Given records: Begin

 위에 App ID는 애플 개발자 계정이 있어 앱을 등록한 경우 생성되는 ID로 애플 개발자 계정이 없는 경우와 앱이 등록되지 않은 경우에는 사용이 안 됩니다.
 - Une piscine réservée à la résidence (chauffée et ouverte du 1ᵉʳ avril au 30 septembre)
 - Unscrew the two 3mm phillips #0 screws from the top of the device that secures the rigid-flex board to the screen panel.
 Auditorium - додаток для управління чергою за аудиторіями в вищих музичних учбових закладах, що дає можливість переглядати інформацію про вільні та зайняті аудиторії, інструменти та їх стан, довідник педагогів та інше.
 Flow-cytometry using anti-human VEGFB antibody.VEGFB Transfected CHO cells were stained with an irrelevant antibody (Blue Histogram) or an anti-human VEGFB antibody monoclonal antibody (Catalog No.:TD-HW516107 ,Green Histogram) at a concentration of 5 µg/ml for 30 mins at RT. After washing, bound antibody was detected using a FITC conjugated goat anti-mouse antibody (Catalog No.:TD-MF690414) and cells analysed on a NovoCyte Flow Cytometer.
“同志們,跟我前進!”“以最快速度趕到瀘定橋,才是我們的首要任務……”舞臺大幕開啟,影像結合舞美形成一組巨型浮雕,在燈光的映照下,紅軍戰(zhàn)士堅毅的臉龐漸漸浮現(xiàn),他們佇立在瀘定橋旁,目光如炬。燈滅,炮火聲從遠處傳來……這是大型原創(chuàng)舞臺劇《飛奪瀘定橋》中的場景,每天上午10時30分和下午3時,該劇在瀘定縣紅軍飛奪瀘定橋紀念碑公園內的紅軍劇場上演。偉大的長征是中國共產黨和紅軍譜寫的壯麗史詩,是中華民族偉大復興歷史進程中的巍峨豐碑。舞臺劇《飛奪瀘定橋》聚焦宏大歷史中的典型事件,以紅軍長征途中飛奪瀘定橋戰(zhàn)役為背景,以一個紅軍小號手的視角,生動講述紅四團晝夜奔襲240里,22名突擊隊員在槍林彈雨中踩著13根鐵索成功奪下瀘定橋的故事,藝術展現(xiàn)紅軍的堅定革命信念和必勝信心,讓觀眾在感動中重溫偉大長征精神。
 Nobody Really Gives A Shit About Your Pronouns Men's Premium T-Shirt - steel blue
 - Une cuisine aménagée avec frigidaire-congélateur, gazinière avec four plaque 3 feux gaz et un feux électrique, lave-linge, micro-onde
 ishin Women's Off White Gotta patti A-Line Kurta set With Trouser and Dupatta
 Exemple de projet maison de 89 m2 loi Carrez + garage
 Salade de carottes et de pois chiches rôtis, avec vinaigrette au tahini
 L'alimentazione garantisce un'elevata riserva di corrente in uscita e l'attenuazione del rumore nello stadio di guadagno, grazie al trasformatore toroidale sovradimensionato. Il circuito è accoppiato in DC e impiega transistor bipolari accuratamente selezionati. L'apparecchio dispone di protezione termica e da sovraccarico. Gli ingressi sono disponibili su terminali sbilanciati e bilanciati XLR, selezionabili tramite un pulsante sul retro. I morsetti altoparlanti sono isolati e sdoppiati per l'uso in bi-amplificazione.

Given records: End

Each of the records is to be written out again exactly.

» **Your response**:
 위에 App ID는 애플 개발자 계정이 있어 앱을 등록한 경우 생성되는 ID로 애플 개발자 계정이 없는 경우와 앱이 등록되지 않은 경우에는 사용이 안 됩니다.
 - Une piscine réservée à la résidence (chauffée et ouverte du 1ᵉʳ avril au 30 septembre)
 - Unscrew the two 3mm phillips #0 screws from the top of the device that secures the rigid-flex board to the screen panel.
 Auditorium - додаток для управління чергою за аудиторіями в вищих музичних учбових закладах, що дає можливість переглядати інформацію про вільні та зайняті аудиторії, інструменти та їх стан, довідник педагогів та інше.
 Flow-cytometry using anti-human VEGFB antibody.VEGFB Transfected CHO cells were stained with an irrelevant antibody (Blue Histogram) or an anti-human VEGFB antibody monoclonal antibody (Catalog No.:TD-HW516107 ,Green Histogram) at a concentration of 5 µg/ml for 30 mins at RT. After washing, bound antibody was detected using a FITC conjugated goat anti-mouse antibody (Catalog No.:TD-MF690414) and cells analysed on a NovoCyte Flow Cytometer.
“同志們,跟我前進!”“以最快速度趕到瀘定橋,才是我們的首要任務……”舞臺大幕開啟,影像結合舞美形成一組巨型浮雕,在燈光的映照下,紅軍戰(zhàn)士堅毅的臉龐漸漸浮現(xiàn),他們佇立在瀘定橋旁,目光如炬。燈滅,炮火聲從遠處傳來……這是大型原創(chuàng)舞臺劇《飛奪瀘定橋》中的場景,每天上午10時30分和下午3時,該劇在瀘定縣紅軍飛奪瀘定橋紀念碑公園內的紅軍劇場上演。偉大的長征是中國共產黨和紅軍譜寫的壯麗史詩,是中華民族偉大復興歷史進程中的巍峨豐碑。舞臺劇《飛奪瀘定橋》聚焦宏大歷史中的典型事件,以紅軍長征途中飛奪瀘定橋戰(zhàn)役為背景,以一個紅軍小號手的視角,生動講述紅四團晝夜奔襲240里,22名突擊隊員在槍林彈雨中踩著13根鐵索成功奪下瀘定橋的故事,藝術展現(xiàn)紅軍的堅定革命信念和必勝信心,讓觀眾在感動中重溫偉大長征精神。
 Nobody Really Gives A Shit About Your Pronouns Men's Premium T-Shirt - steel blue
 - Une cuisine aménagée avec frigidaire-congélateur, gazinière avec four plaque 3 feux gaz et un feux électrique, lave-linge, micro-onde
 ishin Women's Off White Gotta patti A-Line Kurta set With Trouser and Dupatta
 Exemple de projet maison de 89 m2 loi Carrez + garage
 Salade de carottes et de pois chiches rôtis, avec vinaigrette au tahini
 L'alimentazione garantisce un'elevata riserva di corrente in uscita e l'attenuazione del rumore nello stadio di guadagno, grazie al trasformatore toroidale sovradimensionato. Il circuito è accoppiato in DC e impiega transistor bipolari accuratamente selezionati. L'apparecchio dispone di protezione termica e da sovraccarico. Gli ingressi sono disponibili su terminali sbilanciati e bilanciati XLR, selezionabili tramite un pulsante sul retro. I morsetti altoparlanti sono isolati e sdoppiati per l'uso in bi-amplificazione.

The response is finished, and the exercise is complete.